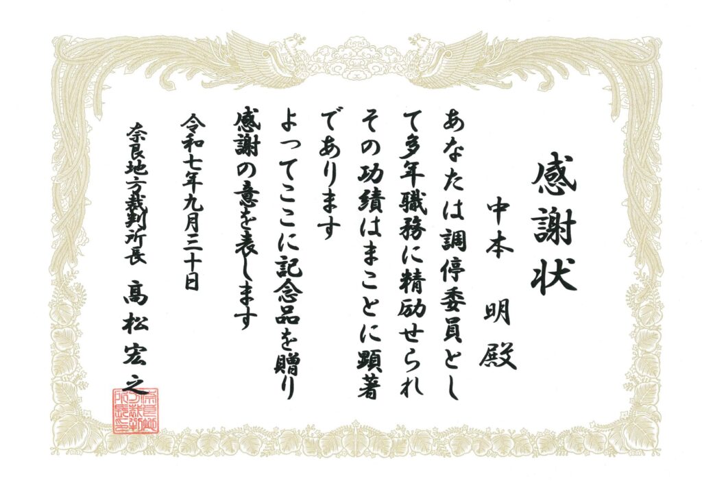 弊社会長 中本 明(民事調停委員)が奈良地方裁判所より感謝状を賜りました。
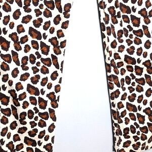 Fun but subtle leopard print pants. Colors of brown and black on an off white background. Slim fit to straight leg at ankle height with a slight high rise.
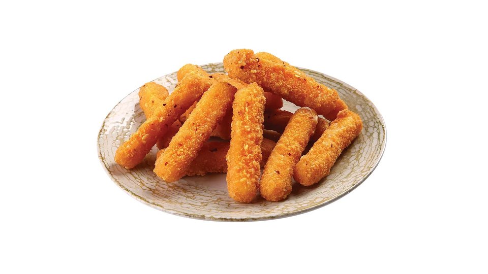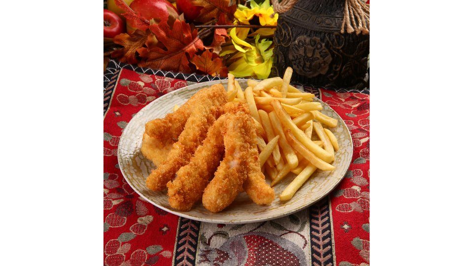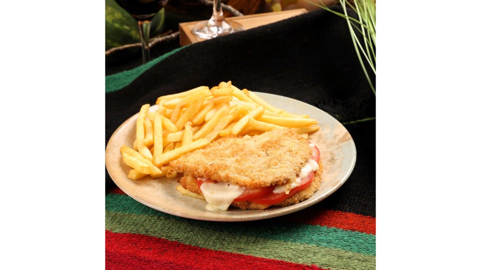 Carne de porc, făină, ouă , roșii, pesmet panko , brânză de burduf , ulei, cartofi pai, sare 320/150
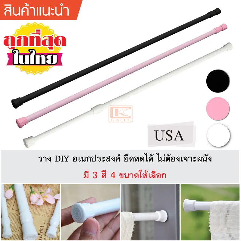 KACEE ราง DIY รางอเนกประสงค์ ราวแขวนผ้าม่าน ยืดหดได้ ไม่ต้องเจาะผนัง
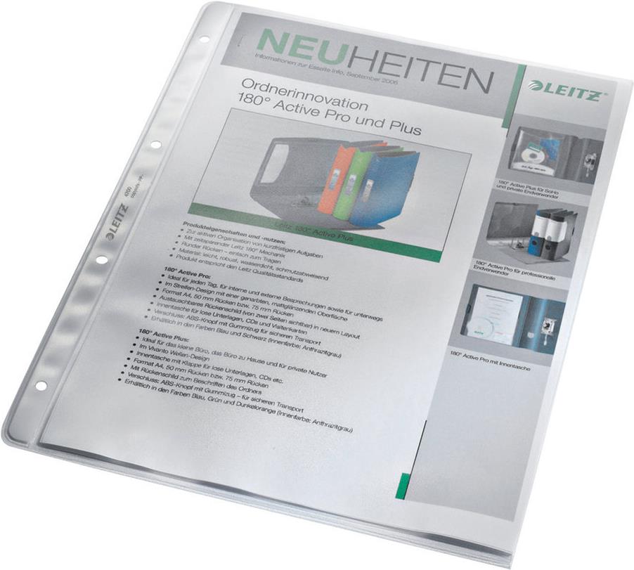 Hochwertige Prospekthüllen mit einer klaren, matten Oberfläche, ideal für den täglichen Gebrauch zu Hause, im Büro oder in der Schule. Die 4-fach-Lochung ermöglicht die bequeme Ablage in Ordnern und Ringbüchern. Dank der oberen Öffnung ist der Zugriff auf die Unterlagen sehr einfach und erspart das zusätzliche Öffnen der Ordnermechanik. Dokumentenechtes und säurefreies Material gewährleistet den langfristigen Schutz der Dokumente. Hergestellt aus PP-Kunststoff (Polypropylen) mit 30% vor Gebrauch recyceltem Kunststoff (Industrieabfälle/ -verschnitte bzw. Produktionsreste), zu 100% recycelbar.
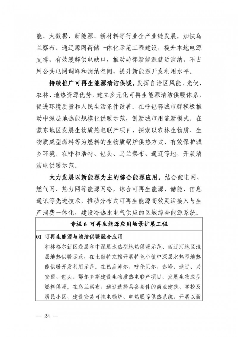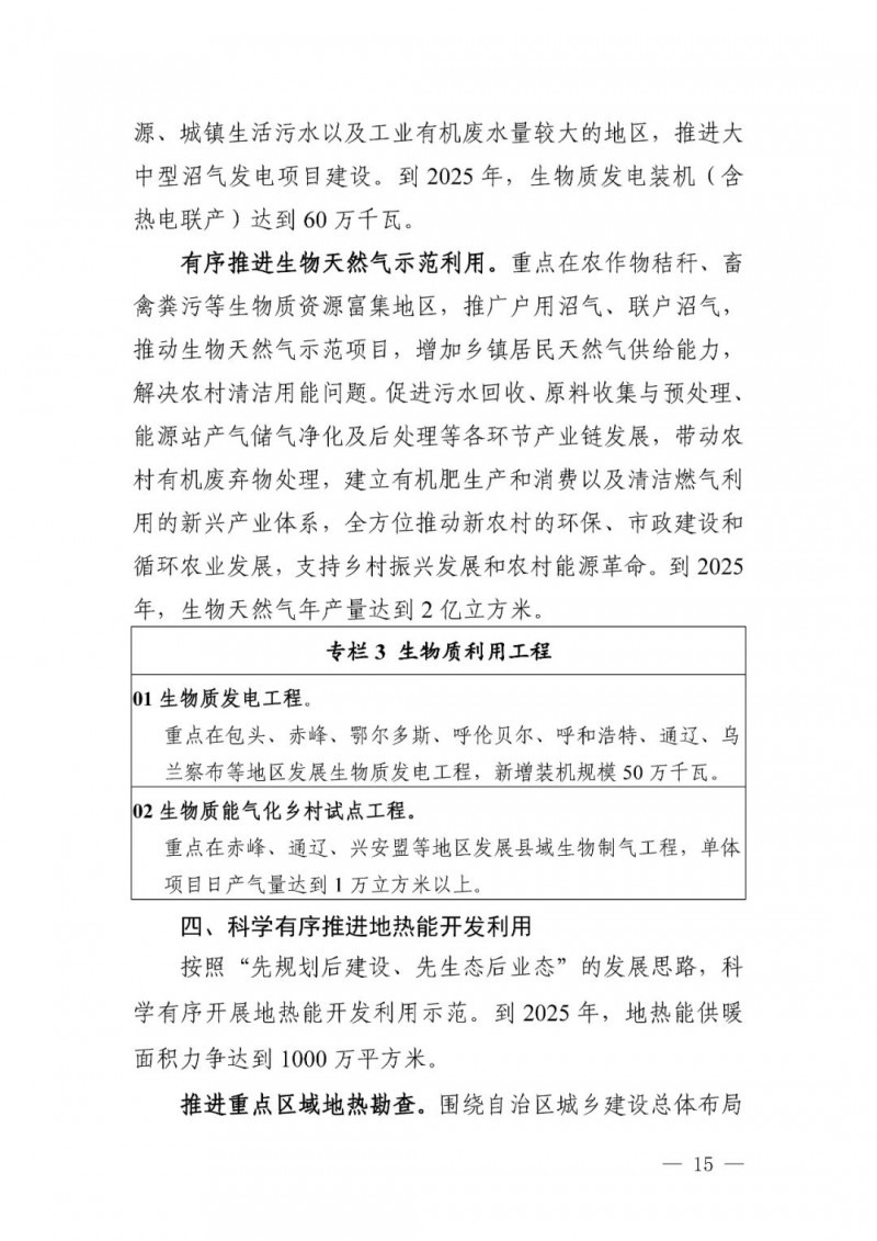 可再生能源供熱目標(biāo)。自治區(qū)地?zé)崮?、生物質(zhì)能、 太陽(yáng)能供暖和新能源電力供暖利用規(guī)模顯著提升。全區(qū)可再生能源供暖面積達(dá)到 3600 萬(wàn)平方米,“十四五”期間新增2500 萬(wàn)平方米。
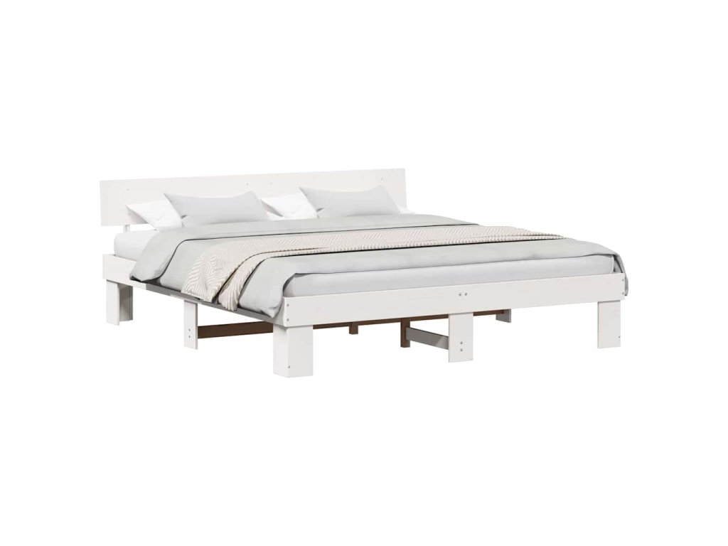 Rám postele s čelo Bílá 200 x 200 cm Masivní borové dřevo 3382290
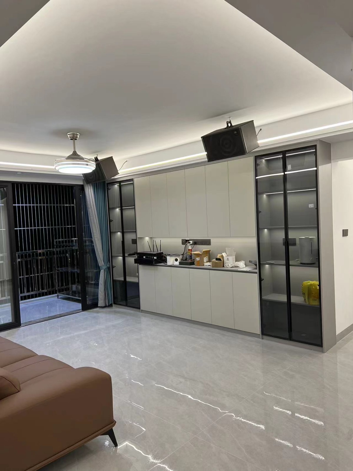 地板一米二乘六十大砖,走圈顶线形灯
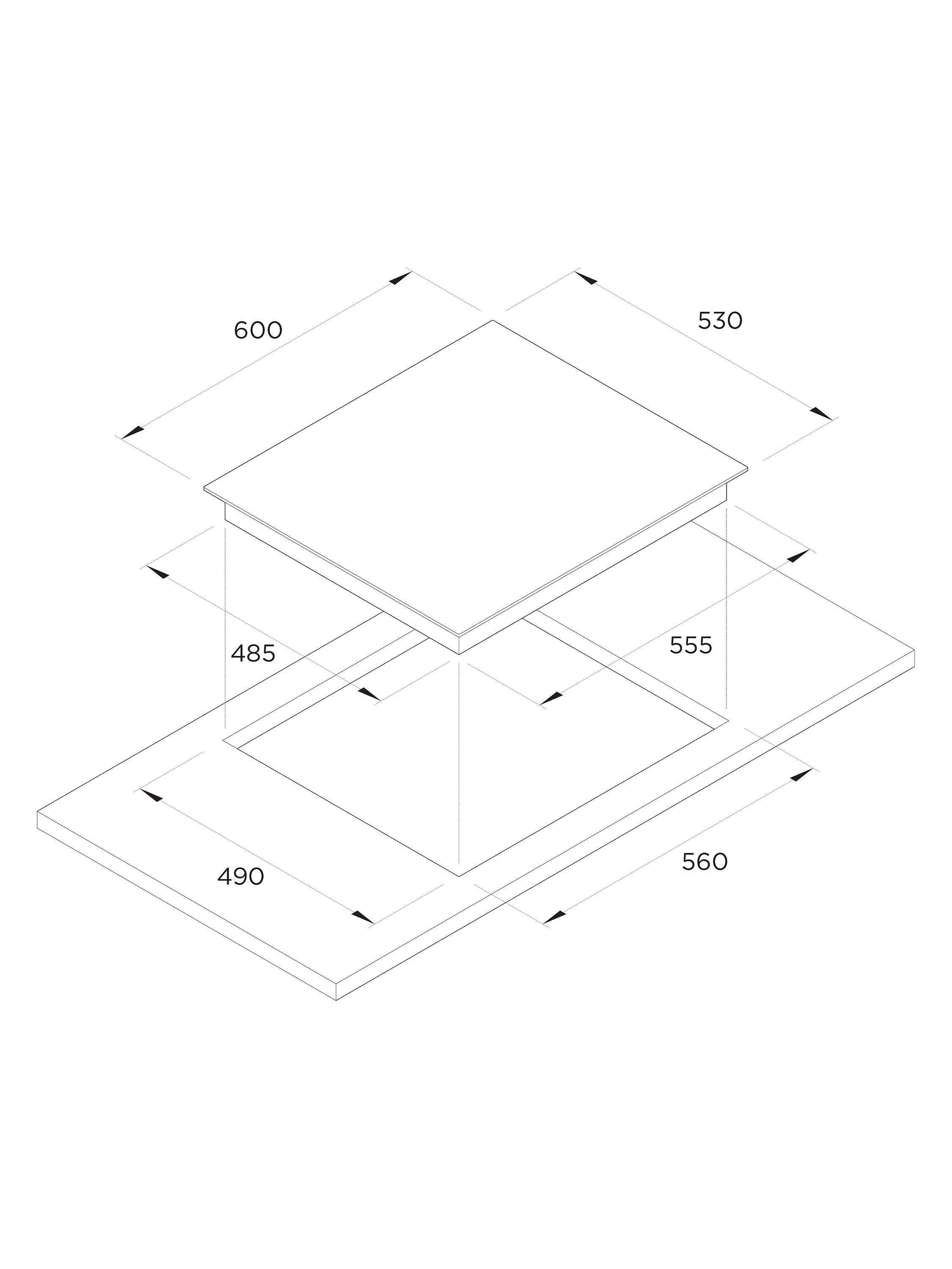 H5.7 x W56 x D49cmMinimum distance between hob & cooker hood required
* * *
> Task details:
Quote only the lines that start at the line holding "KACEE ราง DIY" and end at the last line of the entries, including both of those lines, and omit every picture.

> Result for this exercise:
 KACEE ราง DIY รางอเนกประสงค์ ราวแขวนผ้าม่าน ยืดหดได้ ไม่ต้องเจาะผนัง
 Hochwertige Prospekthüllen mit einer klaren, matten Oberfläche, ideal für den täglichen Gebrauch zu Hause, im Büro oder in der Schule. Die 4-fach-Lochung ermöglicht die bequeme Ablage in Ordnern und Ringbüchern. Dank der oberen Öffnung ist der Zugriff auf die Unterlagen sehr einfach und erspart das zusätzliche Öffnen der Ordnermechanik. Dokumentenechtes und säurefreies Material gewährleistet den langfristigen Schutz der Dokumente. Hergestellt aus PP-Kunststoff (Polypropylen) mit 30% vor Gebrauch recyceltem Kunststoff (Industrieabfälle/ -verschnitte bzw. Produktionsreste), zu 100% recycelbar.
 可再生能源供熱目標(biāo)。自治區(qū)地?zé)崮?、生物質(zhì)能、 太陽(yáng)能供暖和新能源電力供暖利用規(guī)模顯著提升。全區(qū)可再生能源供暖面積達(dá)到 3600 萬(wàn)平方米,“十四五”期間新增2500 萬(wàn)平方米。
 Rám postele s čelo Bílá 200 x 200 cm Masivní borové dřevo 3382290
 地板一米二乘六十大砖,走圈顶线形灯
 H5.7 x W56 x D49cmMinimum distance between hob & cooker hood required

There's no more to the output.